EXERCISE INSTRUCTIONS -
If pictures appear in the lines below, skip them and copy exactly the lines from the one containing "挪亞方舟度假酒店推出「品味華" through the one containing "This white microwave", and nothing else.

ENTRIES SHOWN Block Start

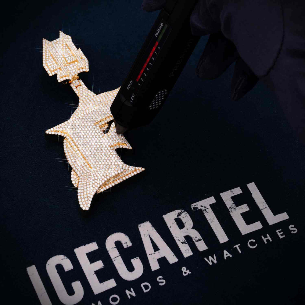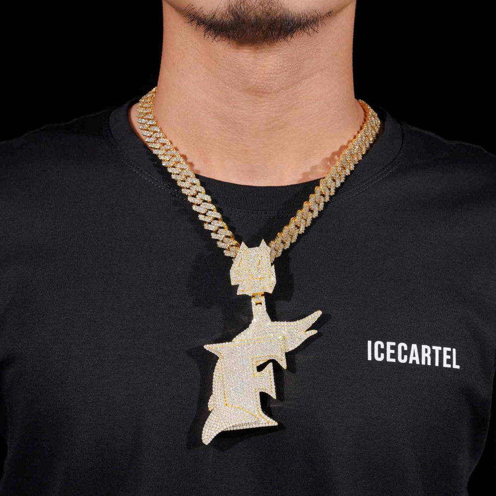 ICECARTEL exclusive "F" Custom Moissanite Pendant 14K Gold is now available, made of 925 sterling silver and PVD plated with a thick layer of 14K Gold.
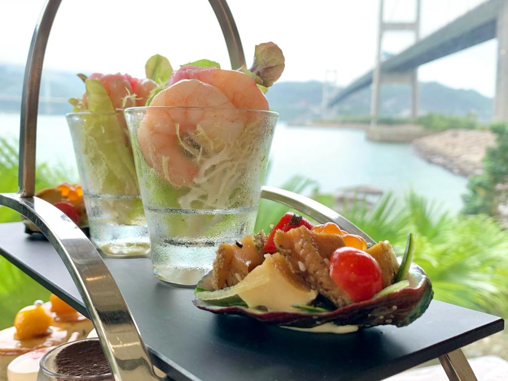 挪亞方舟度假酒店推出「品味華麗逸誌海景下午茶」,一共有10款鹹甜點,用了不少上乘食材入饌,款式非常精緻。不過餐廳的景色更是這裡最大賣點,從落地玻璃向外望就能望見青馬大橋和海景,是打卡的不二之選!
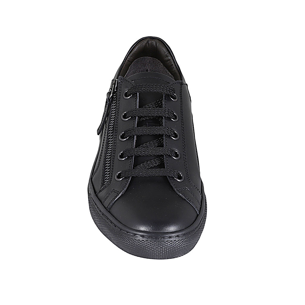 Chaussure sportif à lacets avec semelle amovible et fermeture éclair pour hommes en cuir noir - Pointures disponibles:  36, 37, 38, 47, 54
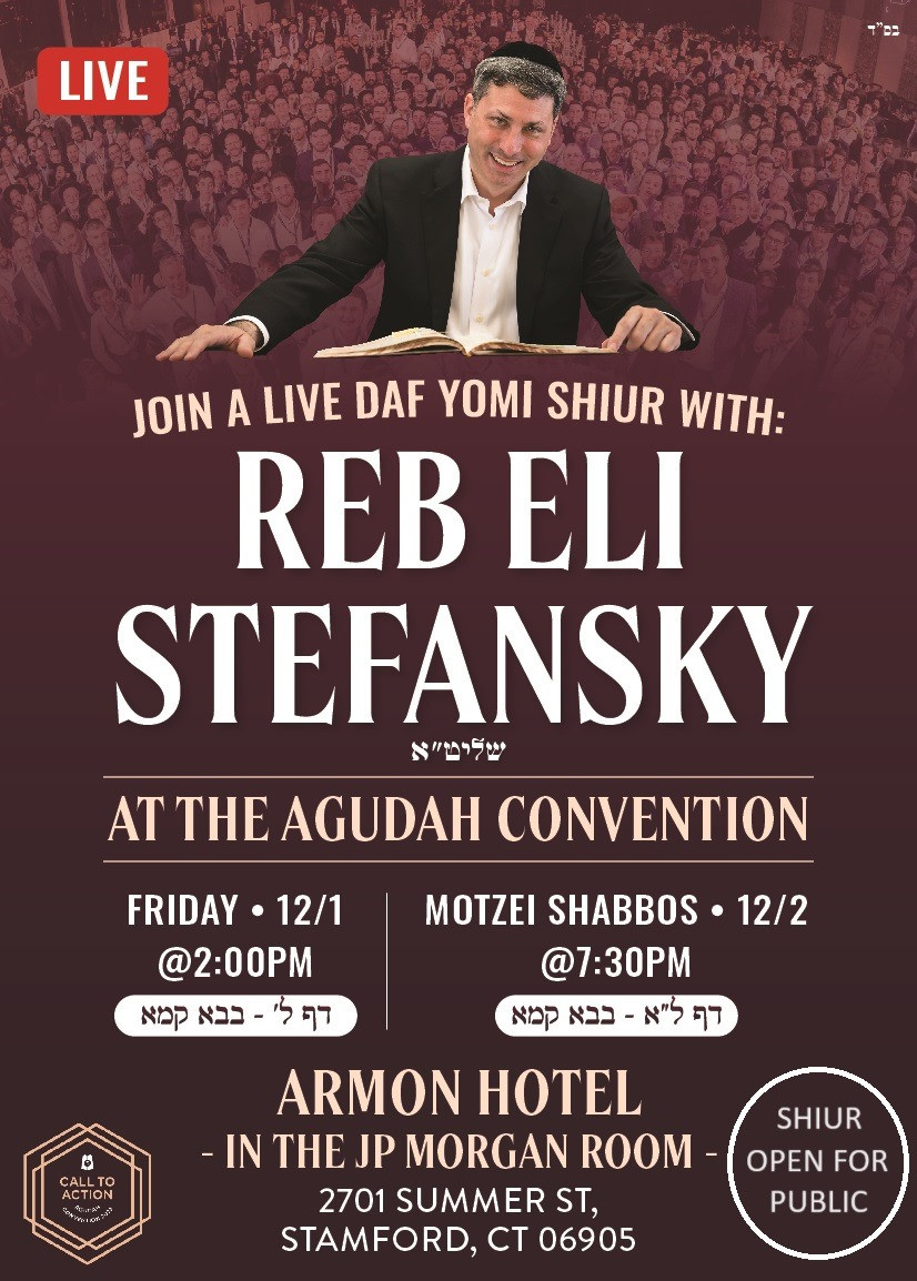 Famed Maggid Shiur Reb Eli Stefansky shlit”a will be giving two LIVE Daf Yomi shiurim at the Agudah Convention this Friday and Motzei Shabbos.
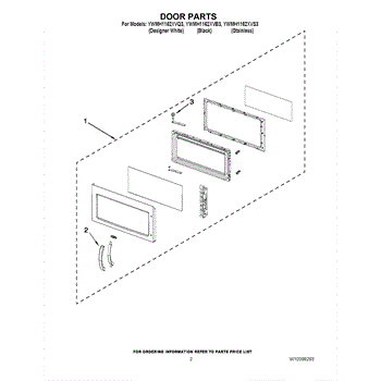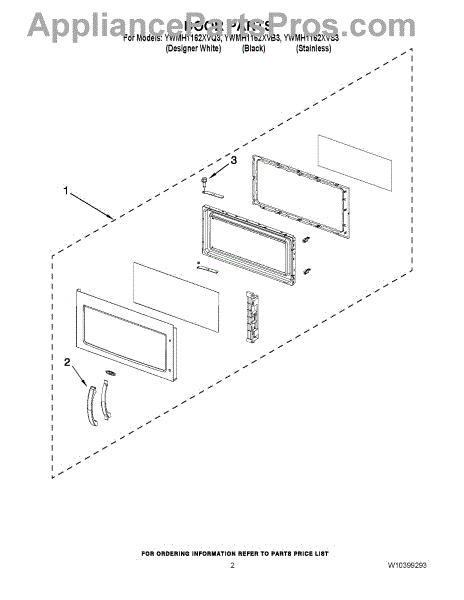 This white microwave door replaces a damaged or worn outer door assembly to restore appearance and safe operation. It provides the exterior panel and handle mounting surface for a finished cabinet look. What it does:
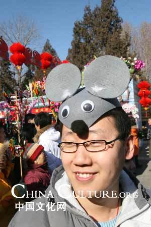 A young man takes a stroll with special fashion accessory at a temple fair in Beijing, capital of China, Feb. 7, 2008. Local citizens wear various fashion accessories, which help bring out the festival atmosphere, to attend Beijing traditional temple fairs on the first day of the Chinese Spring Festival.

ENTRIES SHOWN Block End
ENTRIES SHOWN Block Start

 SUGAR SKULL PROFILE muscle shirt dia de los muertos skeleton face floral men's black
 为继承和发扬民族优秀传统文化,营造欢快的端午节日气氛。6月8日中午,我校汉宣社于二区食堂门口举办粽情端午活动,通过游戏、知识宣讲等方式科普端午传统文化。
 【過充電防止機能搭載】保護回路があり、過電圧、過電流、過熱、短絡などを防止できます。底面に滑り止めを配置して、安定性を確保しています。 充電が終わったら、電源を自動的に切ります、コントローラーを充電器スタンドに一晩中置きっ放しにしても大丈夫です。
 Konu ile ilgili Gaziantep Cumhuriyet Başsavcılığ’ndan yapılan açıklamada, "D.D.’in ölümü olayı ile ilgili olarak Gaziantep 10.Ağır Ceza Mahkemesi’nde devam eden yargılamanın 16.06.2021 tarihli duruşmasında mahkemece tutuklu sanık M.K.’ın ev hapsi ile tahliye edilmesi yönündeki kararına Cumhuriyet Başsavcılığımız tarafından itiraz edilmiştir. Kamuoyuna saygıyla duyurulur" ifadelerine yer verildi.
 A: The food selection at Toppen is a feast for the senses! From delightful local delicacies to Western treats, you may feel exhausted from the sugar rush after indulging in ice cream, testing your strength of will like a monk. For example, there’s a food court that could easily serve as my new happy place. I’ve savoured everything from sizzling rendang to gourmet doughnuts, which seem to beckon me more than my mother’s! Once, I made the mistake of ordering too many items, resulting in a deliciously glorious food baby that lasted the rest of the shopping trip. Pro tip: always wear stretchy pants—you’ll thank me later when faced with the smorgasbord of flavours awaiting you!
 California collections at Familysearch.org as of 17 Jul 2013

ENTRIES SHOWN Block End

TASK SOLUTION -
 挪亞方舟度假酒店推出「品味華麗逸誌海景下午茶」,一共有10款鹹甜點,用了不少上乘食材入饌,款式非常精緻。不過餐廳的景色更是這裡最大賣點,從落地玻璃向外望就能望見青馬大橋和海景,是打卡的不二之選!
 Chaussure sportif à lacets avec semelle amovible et fermeture éclair pour hommes en cuir noir - Pointures disponibles:  36, 37, 38, 47, 54
 Famed Maggid Shiur Reb Eli Stefansky shlit”a will be giving two LIVE Daf Yomi shiurim at the Agudah Convention this Friday and Motzei Shabbos.
 This white microwave door replaces a damaged or worn outer door assembly to restore appearance and safe operation. It provides the exterior panel and handle mounting surface for a finished cabinet look. What it does:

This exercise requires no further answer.